Collection entries:

• • • • • • •

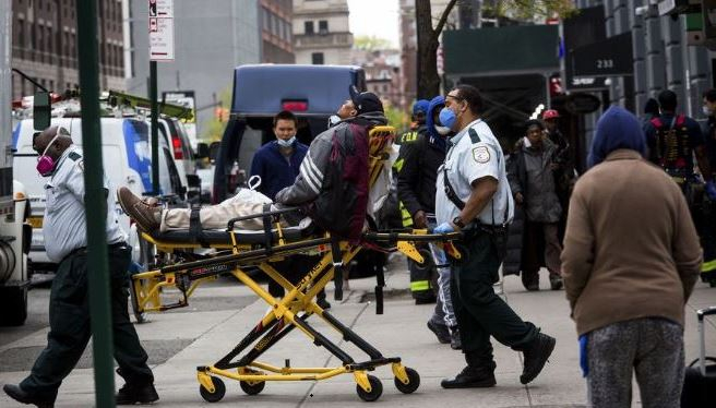 First responders wheel a man on a stretcher in the Brooklyn borough of New York, the United States, on May 8, 2020. (Photo by Michael Nagle/Xinhua)
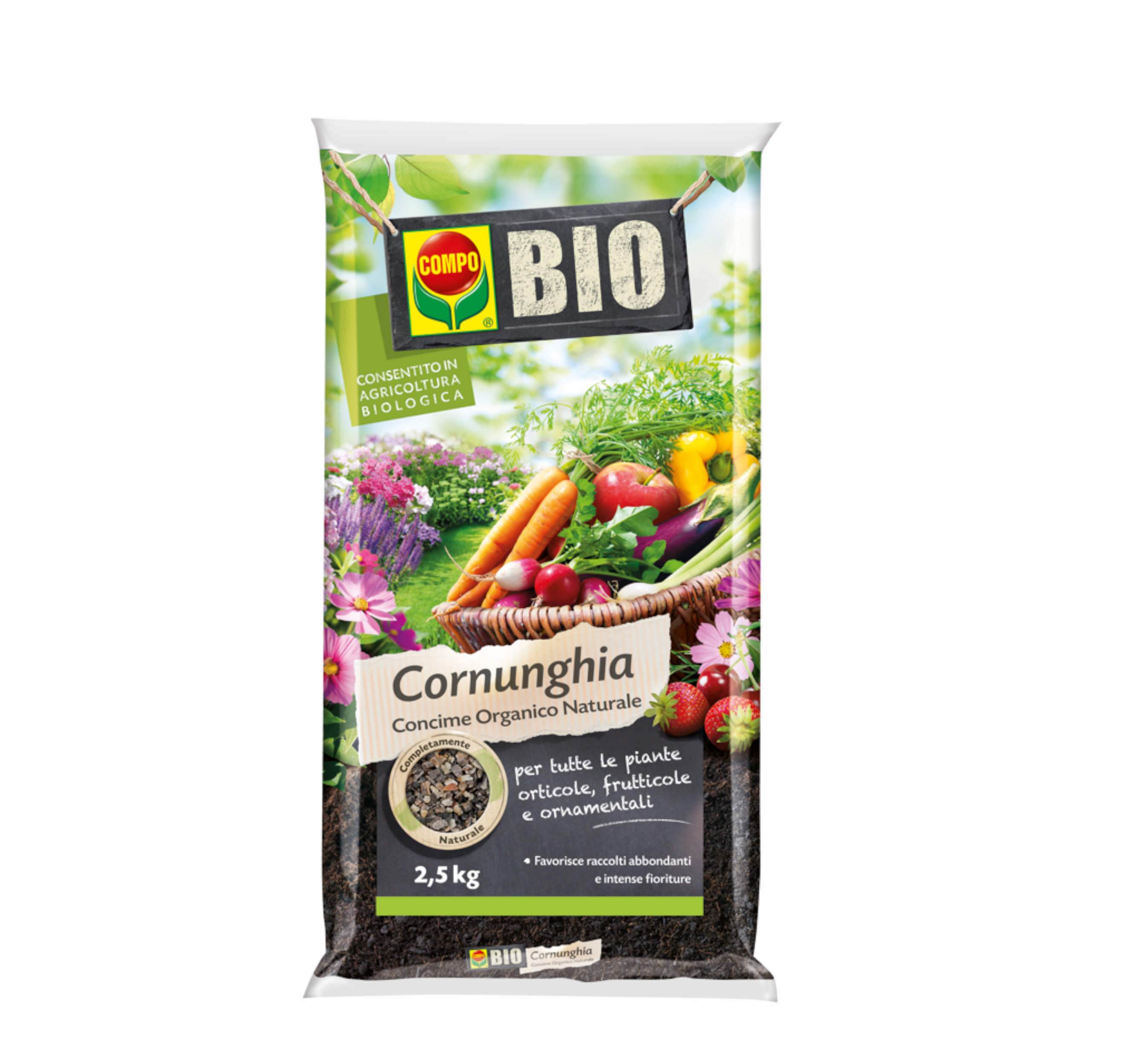 COMPO Bio Cornunghia è un concime organico azotato utilizzato fin dai tempi antichi in campo agricolo. Ideale per la concimazione di fondo del terreno: l'alta percentuale di azoto organico assicura un costante rilascio di sostanza nutritiva che sostiene la coltivazione durante tutto il ciclo vegetativo; il carbonio organico favorisce la flora batterica, la formazione di humus fertile e di conseguenza la struttura e porosità del terreno. Impiegabile alla semina o trapianto delle colture orticole, migliorandone forma, colore e gusto. Ideale anche per ornamentali, poiché aiuta la fissazione del colore nei fiori.
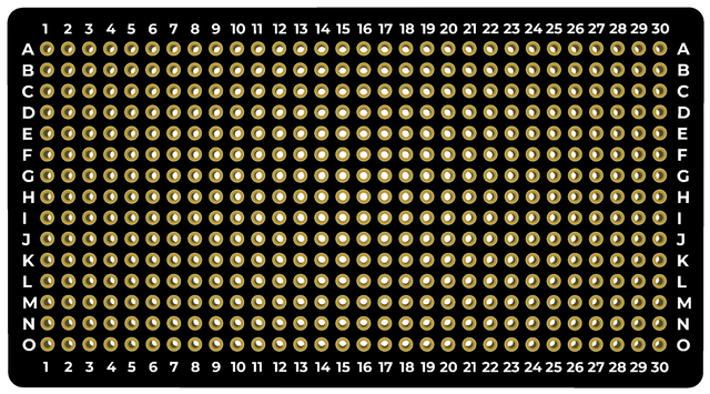 It is a thin, rigid sheet with holes pre-drilled at standard intervals across a grid, usually a square grid of 2.54 mm (0.1 in) spacing. These holes are ringed by round or square copper pads.
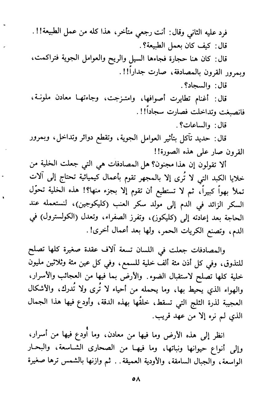 ألا تقولون ان هذا مجنون؟ هل المصادفات هي التي جعلت الخلية من خلايا الكبد التي لا ترى الا بالمجهر تقوم بأعمال كيميائية تحتاج إلى آلات تملأ بهواً كبيراً، ثم لا تستطيع أن تقوم الا بجزء منها؟! هذه الخلية تحول السكر الزائد في الدم إلى مولد سكر العنب (كليكوجين)، لنستعمله عند الحاجة بعد اعادته إلى (كليكوز)، وتفرز الصفراء، وتعدل (الكولسترول) في الدم، وتصنع الكريات الحمر، ولها بعد أعمال اخرى!
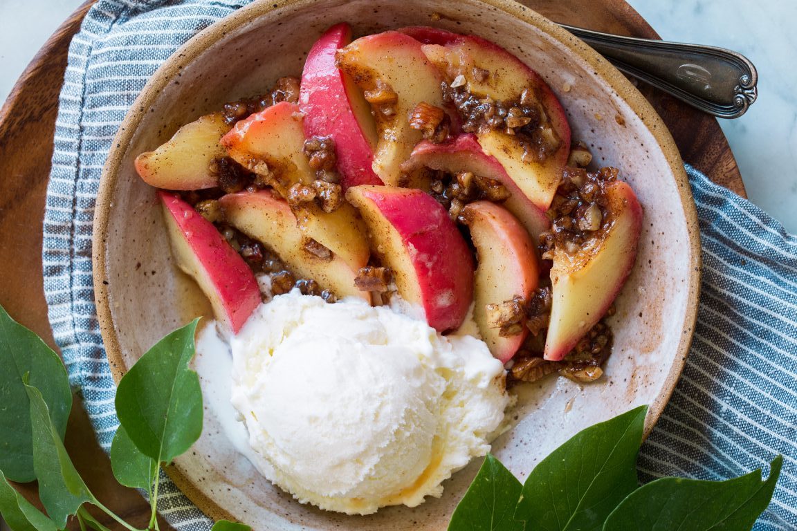 Σερβίρετε ζεστό. Εάν είναι επιθυμητό κόβουμε τα μήλα στην μέση ή σε φέτες και προαιρετικά σερβίρουμε με βανίλια Σαντιγί ή παγωτό .
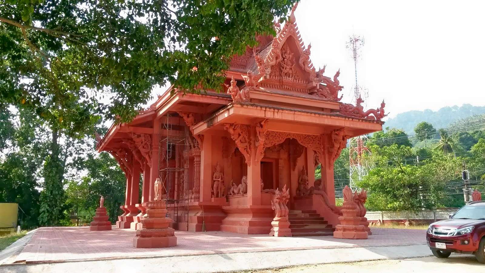 Highlights - Red colored temple complex, beach views, Buddhist architecture, tranquil settings

• • • • • • •

:: TASK DETAILS ::
All entries, top to bottom, should be retyped exactly; the pictures should not be.

:: EXPECTED ANSWER ::
 First responders wheel a man on a stretcher in the Brooklyn borough of New York, the United States, on May 8, 2020. (Photo by Michael Nagle/Xinhua)
 COMPO Bio Cornunghia è un concime organico azotato utilizzato fin dai tempi antichi in campo agricolo. Ideale per la concimazione di fondo del terreno: l'alta percentuale di azoto organico assicura un costante rilascio di sostanza nutritiva che sostiene la coltivazione durante tutto il ciclo vegetativo; il carbonio organico favorisce la flora batterica, la formazione di humus fertile e di conseguenza la struttura e porosità del terreno. Impiegabile alla semina o trapianto delle colture orticole, migliorandone forma, colore e gusto. Ideale anche per ornamentali, poiché aiuta la fissazione del colore nei fiori.
 It is a thin, rigid sheet with holes pre-drilled at standard intervals across a grid, usually a square grid of 2.54 mm (0.1 in) spacing. These holes are ringed by round or square copper pads.
 ألا تقولون ان هذا مجنون؟ هل المصادفات هي التي جعلت الخلية من خلايا الكبد التي لا ترى الا بالمجهر تقوم بأعمال كيميائية تحتاج إلى آلات تملأ بهواً كبيراً، ثم لا تستطيع أن تقوم الا بجزء منها؟! هذه الخلية تحول السكر الزائد في الدم إلى مولد سكر العنب (كليكوجين)، لنستعمله عند الحاجة بعد اعادته إلى (كليكوز)، وتفرز الصفراء، وتعدل (الكولسترول) في الدم، وتصنع الكريات الحمر، ولها بعد أعمال اخرى!
 Σερβίρετε ζεστό. Εάν είναι επιθυμητό κόβουμε τα μήλα στην μέση ή σε φέτες και προαιρετικά σερβίρουμε με βανίλια Σαντιγί ή παγωτό .
 Highlights - Red colored temple complex, beach views, Buddhist architecture, tranquil settings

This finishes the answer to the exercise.